站在最后一处山梁上,所有人都停了下来。脚下是蜿蜒的土路,路的尽头,一条灰黄色的大江横在天地间,江面宽阔,水流平缓。对岸,隐约能看见房屋的轮廓,青瓦白墙,聚成一片。
“那就是李庄。”老杨指着对岸说。
沈微雨望着那片屋舍,忽然有种不真实的感觉。两个多月,三千多里路,炮火、轰炸、塌方、狼群……现在终于到了。
肩膀上的伤还在疼,腿也像不是自己的。但心口有什么东西在膨胀,热乎乎的,堵着喉咙。
“今天晚上在江边扎营,明天一早渡江。”老杨安排着,“渡船已经联系好了,李庄那边也知道我们到了。”
大家下了山,在江边找了处平坦的滩涂扎营。这次不用赶路,气氛轻松了很多。几个年轻人甚至跑去江边洗脸,泼水嬉闹起来。
沈微雨没去。她找了块干净的石头坐下,把《流沙坠简》的包袱放在膝上,一层层解开。
油布打开,麻布打开,最后露出那些竹简。两个月颠簸,简牍有些散了,绳子松了。她小心翼翼地把它们按顺序排好,重新系紧。
夕阳西下,江面被染成金红色。波光粼粼,像撒了一江碎金。
燕双飞走过来,在她旁边坐下。他没说话,也看着江面。两人就这么安静地坐着,直到太阳完全沉下去。
“到了李庄,你想先做什么?”燕双飞问。
沈微雨想了想:“找个干燥通风的地方,把这些简牍彻底检查一遍。受潮的要阴干,破损的要修补。”她顿了顿,“你呢?”
“先去看旋螺殿。”燕双飞眼睛亮起来,“梁先生说那是明代建筑,斗拱结构很特别。我得赶在开春前把测绘图画出来,不然雨季来了,爬上爬下危险。”
“爬?”沈微雨皱眉。
“嗯,得爬到梁架上量尺寸。”燕双飞比划着,“斗拱一层一层的,不爬上去看不清榫卯怎么咬合的。”
沈微雨想起他说的“古建的骨头”,想起他手背上那些墨迹和划痕。这个人,是真的把那些老木头当活物看。
“小心点。”她轻声说。
燕双飞笑了:“放心,我爬惯了。”
晚饭是江里捞的鱼,老杨带着几个男生用简易渔网捞的,不大,但很鲜。煮了一大锅鱼汤,分着喝。没有碗,就用搪瓷缸子、水壶盖,甚至用手捧着。
沈微雨捧着一缸子鱼汤,小口小口地喝。汤很淡,没什么调料,但暖乎乎的,从喉咙一直暖到胃里。

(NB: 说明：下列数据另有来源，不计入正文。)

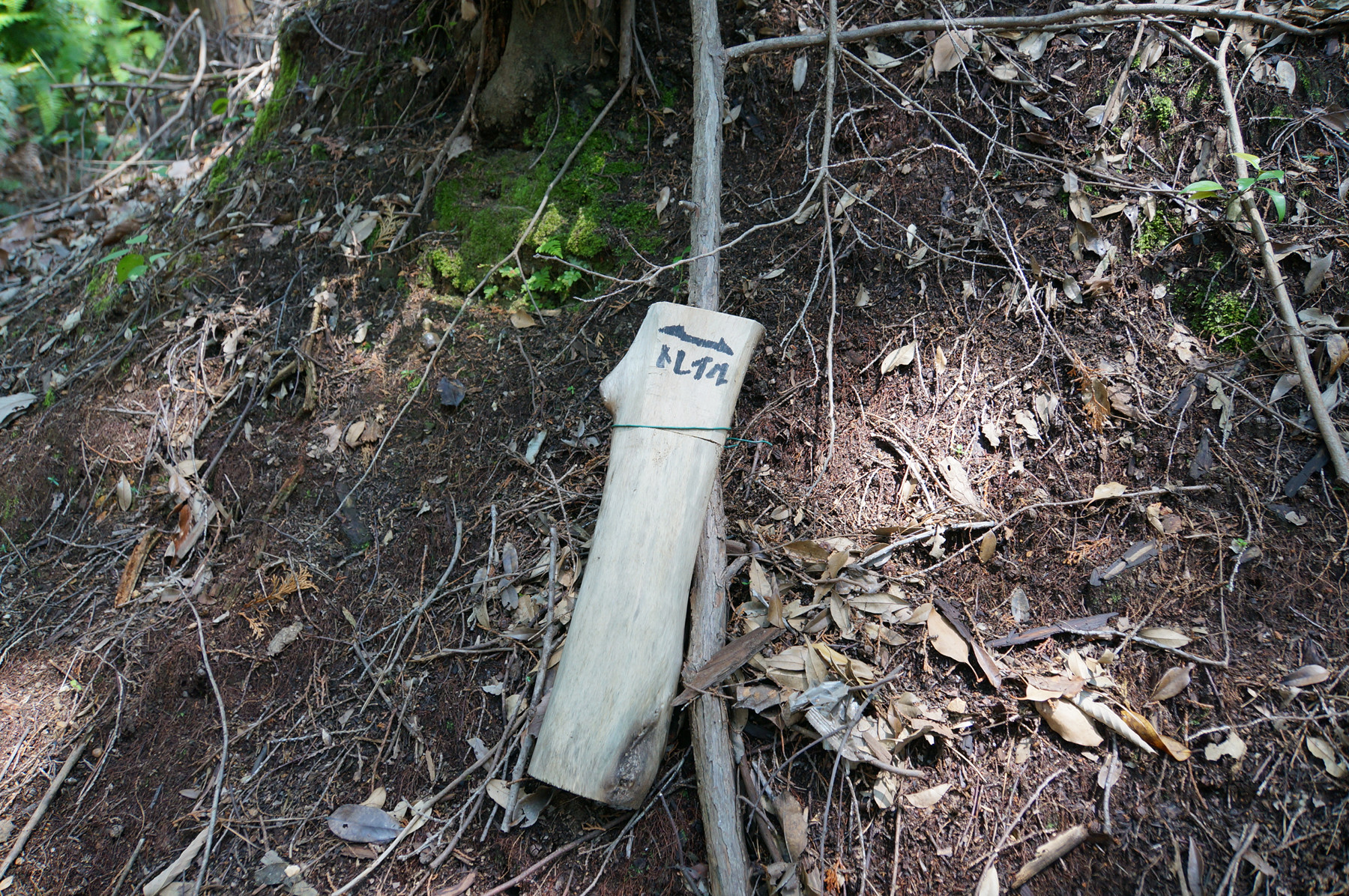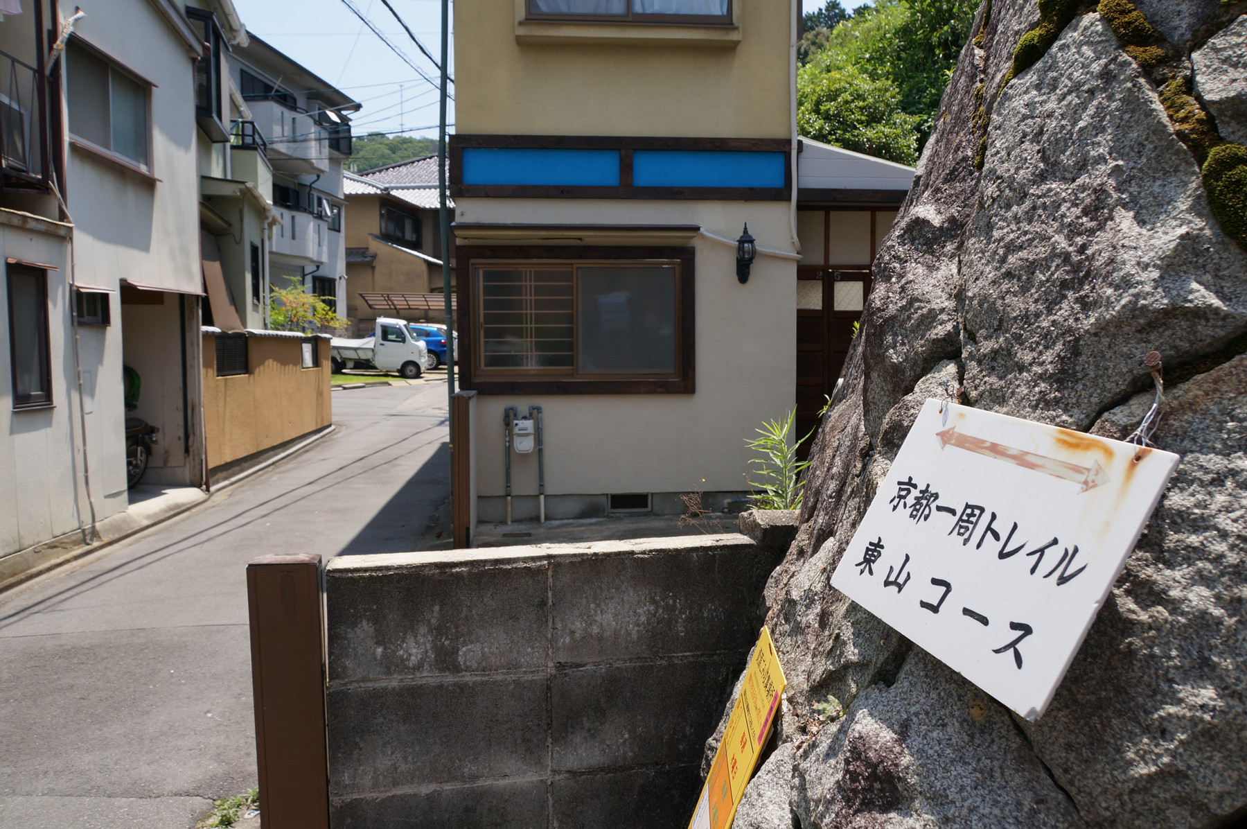 この写真中央付近にある石塔の脇に隠れるようにひっそりと立つ京都一周トレイルの標識がおわかりだろうか。

陈默在教几个男生唱新学的歌,是《黄河大合唱》的片段。声音不高,怕惊扰了对岸,但唱得很投入:
“风在吼,马在叫,
黄河在咆哮,黄河在咆哮……”
沈微雨听着,忽然想起昆明那个秋天,想起路上那些死去的人,那些炸毁的房屋,那些还在坚持教书的先生,那些送鸡蛋的老乡。
这一路,失去的太多。但得到的,也许更多。
至少这些简牍还在,至少这些图纸还在,至少这些人还在。
至少,明天就能踏上李庄的青石板路了。
夜深了,大家围着火堆休息。明天要渡江,今晚得养足精神。
沈微雨躺下,却睡不着。她望着星空——长江边的星空格外清晰,银河像一条发光的带子,横跨天际。
她从怀里摸出那片残简。竹简冰凉,在星光下泛着淡淡的光泽。血渍还在,像一道永远愈合不了的伤口。
闭上眼睛。
这次,画面来得很快。
但不是荒芜的院子,而是一条街。青石板路,两旁是店铺,卖布的,打铁的,还有茶馆。街上有很多人,都穿着灰蓝色的衣服,胳膊上戴着红袖章。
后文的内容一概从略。